*** Dataset records Section Begins ***

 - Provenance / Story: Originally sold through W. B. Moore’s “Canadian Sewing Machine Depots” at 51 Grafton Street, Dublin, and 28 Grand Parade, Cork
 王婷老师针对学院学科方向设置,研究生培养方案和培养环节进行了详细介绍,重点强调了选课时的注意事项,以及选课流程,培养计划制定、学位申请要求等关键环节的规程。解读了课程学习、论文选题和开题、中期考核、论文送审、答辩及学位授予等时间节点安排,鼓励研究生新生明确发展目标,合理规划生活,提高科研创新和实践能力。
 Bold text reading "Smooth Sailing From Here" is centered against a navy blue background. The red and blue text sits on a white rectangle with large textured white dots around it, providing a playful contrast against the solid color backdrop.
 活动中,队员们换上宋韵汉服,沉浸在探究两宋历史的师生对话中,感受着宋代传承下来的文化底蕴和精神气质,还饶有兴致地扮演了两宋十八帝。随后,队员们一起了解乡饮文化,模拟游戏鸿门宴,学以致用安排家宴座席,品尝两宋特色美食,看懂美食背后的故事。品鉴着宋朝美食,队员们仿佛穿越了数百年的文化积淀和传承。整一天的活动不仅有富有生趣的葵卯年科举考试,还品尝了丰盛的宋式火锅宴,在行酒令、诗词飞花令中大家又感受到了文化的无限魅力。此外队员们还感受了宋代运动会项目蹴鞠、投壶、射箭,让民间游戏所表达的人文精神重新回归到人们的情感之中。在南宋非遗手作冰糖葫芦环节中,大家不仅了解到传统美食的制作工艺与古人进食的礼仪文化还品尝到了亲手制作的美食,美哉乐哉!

*** Dataset records Section Ends ***
*** Dataset records Section Begins ***

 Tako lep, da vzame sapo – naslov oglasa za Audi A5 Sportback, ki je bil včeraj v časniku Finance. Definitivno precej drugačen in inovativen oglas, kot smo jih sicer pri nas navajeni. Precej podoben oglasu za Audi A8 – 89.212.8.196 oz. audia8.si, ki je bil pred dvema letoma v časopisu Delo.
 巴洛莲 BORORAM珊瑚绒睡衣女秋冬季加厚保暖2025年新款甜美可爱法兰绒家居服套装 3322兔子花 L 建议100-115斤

*** Dataset records Section Ends ***

Exercise directions — Taking the lines above, repeat exactly those from the line that contains "- Provenance /" through the line that contains "王婷老师针对学院学科方向设置", and both of those lines as well. Include nothing else.

Written answer —
 - Provenance / Story: Originally sold through W. B. Moore’s “Canadian Sewing Machine Depots” at 51 Grafton Street, Dublin, and 28 Grand Parade, Cork
 王婷老师针对学院学科方向设置,研究生培养方案和培养环节进行了详细介绍,重点强调了选课时的注意事项,以及选课流程,培养计划制定、学位申请要求等关键环节的规程。解读了课程学习、论文选题和开题、中期考核、论文送审、答辩及学位授予等时间节点安排,鼓励研究生新生明确发展目标,合理规划生活,提高科研创新和实践能力。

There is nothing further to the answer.